- Born: Alfred Lewis Levitt June 3, 1916 Bronx, New York, U.S.
- Died: November 16, 2002 (aged 86) Los Angeles, California, U.S.
- Occupation: screenwriter
- Spouse: Helen Slote Levitt (1938–1993)

= Alfred Lewis Levitt =

American screenwriter

Alfred Lewis Levitt (June 3, 1916 - November 16, 2002) was an American film and television screenwriter. He attended New York University, and served in a camera unit of the United States Air Force during the Second World War. Following the war, Levitt was the screenwriter for such films as The Boy with Green Hair (1948), Mrs. Mike (1950), and The Barefoot Mailman (1951).

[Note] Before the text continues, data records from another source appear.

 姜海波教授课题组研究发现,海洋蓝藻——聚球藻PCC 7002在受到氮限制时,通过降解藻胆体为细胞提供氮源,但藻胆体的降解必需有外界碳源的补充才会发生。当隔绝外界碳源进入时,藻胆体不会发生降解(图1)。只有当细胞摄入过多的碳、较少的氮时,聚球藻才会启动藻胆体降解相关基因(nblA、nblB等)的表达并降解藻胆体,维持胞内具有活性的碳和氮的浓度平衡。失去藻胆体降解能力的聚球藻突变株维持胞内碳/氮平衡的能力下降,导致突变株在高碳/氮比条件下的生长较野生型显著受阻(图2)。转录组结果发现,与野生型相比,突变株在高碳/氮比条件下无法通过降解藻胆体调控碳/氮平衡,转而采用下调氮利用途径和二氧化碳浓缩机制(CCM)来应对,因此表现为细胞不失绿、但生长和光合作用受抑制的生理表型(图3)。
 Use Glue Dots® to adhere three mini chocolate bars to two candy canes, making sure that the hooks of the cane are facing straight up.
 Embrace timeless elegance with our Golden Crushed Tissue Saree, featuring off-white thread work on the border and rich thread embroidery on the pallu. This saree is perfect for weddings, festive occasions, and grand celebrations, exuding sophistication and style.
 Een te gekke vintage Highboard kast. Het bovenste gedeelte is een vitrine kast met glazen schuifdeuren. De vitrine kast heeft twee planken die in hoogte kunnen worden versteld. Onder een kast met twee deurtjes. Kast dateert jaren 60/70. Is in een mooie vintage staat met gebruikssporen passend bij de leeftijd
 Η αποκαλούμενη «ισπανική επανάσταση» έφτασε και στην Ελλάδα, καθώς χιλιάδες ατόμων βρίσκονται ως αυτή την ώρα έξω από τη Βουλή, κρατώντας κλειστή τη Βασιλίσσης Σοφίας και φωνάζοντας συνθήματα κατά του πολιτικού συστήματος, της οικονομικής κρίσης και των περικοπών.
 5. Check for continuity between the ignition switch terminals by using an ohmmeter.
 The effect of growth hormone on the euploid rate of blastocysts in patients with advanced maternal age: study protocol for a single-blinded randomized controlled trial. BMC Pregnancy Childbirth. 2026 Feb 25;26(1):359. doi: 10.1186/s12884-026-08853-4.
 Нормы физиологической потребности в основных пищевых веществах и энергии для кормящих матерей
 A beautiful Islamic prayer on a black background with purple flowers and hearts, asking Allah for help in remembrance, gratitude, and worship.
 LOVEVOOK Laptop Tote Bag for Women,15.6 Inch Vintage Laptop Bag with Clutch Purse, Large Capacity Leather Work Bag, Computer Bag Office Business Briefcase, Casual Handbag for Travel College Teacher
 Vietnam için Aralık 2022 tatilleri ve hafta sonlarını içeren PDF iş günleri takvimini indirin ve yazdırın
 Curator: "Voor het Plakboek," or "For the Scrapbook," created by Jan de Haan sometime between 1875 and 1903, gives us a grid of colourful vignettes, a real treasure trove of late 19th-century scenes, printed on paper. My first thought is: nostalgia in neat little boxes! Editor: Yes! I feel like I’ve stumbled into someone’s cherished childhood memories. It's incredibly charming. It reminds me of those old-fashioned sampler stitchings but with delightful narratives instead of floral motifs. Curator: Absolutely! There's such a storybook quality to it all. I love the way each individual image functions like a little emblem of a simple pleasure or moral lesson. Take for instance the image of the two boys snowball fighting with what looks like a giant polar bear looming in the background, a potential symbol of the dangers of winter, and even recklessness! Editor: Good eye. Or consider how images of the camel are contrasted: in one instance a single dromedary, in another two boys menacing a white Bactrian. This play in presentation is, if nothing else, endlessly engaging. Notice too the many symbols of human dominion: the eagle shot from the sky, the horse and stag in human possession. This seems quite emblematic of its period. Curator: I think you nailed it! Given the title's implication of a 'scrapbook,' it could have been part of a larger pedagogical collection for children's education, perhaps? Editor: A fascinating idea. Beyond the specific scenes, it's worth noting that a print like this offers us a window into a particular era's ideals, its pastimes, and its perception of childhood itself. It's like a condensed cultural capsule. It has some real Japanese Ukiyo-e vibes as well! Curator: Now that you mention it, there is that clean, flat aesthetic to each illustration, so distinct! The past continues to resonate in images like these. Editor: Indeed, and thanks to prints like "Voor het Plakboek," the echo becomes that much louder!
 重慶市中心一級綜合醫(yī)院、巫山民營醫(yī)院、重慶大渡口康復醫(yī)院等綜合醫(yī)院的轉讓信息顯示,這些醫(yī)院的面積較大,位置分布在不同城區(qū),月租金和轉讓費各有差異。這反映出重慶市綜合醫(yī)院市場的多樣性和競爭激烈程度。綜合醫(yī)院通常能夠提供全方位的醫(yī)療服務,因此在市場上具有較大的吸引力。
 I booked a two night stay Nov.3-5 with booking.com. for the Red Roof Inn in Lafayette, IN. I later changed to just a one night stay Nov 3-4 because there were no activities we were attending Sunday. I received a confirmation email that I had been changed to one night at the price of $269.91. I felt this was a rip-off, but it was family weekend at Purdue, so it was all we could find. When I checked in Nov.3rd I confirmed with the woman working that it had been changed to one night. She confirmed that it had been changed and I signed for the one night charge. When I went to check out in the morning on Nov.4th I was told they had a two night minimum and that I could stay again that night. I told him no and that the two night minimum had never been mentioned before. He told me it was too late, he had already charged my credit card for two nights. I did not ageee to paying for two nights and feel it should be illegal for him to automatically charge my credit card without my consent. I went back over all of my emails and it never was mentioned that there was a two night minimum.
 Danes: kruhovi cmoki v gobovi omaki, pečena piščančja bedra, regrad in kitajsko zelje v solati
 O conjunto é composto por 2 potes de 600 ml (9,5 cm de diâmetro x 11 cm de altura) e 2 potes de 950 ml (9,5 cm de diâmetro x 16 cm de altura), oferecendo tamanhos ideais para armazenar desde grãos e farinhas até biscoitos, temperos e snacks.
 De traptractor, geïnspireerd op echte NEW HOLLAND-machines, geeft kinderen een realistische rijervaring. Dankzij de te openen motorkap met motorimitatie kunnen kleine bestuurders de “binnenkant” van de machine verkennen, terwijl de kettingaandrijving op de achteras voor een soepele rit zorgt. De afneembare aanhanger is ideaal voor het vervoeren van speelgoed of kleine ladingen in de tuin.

In 1951 he was called before the House Un-American Activities Committee (HUAC) for his communist involvements, and was entered on the Hollywood blacklist. Following a screenwriting credit for Dream Wife (1953), he was unemployed as a screenwriter for about five years.

Levitt and Pearl Helen Slote (December 6, 1916 - April 3, 1993) were married in 1938; they had two children. Helen Slote Levitt, as Slote was called after her marriage, was also blacklisted in 1951. After more than five years, the Levitts were employed again as screenwriters. They were credited as "Tom and Helen August". Their credits included many episodes of television shows such as Bewitched and The Bionic Woman and also the feature films The Misadventures of Merlin Jones (1964) and The Monkey's Uncle (1965). In 1971 they were nominated for a Writers Guild Award for an episode of the television program, All in the Family. Their last credit was for a 1979 episode of the program Diff'rent Strokes.

The Levitts' experiences as blacklisted screenwriters have been described in several books about the Hollywood blacklist. Among the Levitts' activities during the early years of their blacklisting, and corresponding unemployment, was to participate in publishing the journal Hollywood Review. Hollywood Review has been characterized by Ceplair and Englund as, "...a critical review focusing on American films --more specifically on the increasing violence, sadism, hatred, bigotry, and glorification of brutality perpetrated on audiences by the entertainment industry." Nine issues of the journal were published between 1953 and 1956.

In 1978, Levitt rejoined the Writers Guild of America. Starting in 1988, Levitt led an effort through the Writers' Guild to correct film credits from the blacklist era, in which it became common for the work of blacklisted writers to be uncredited, or credited using pseudonyms. The Writers' Guild maintains a listing of 24 films with revised writing credits on its website.

In 1995, Alfred and Helen Levitt were honored with the Morgan Cox Award of the Writers Guild of America.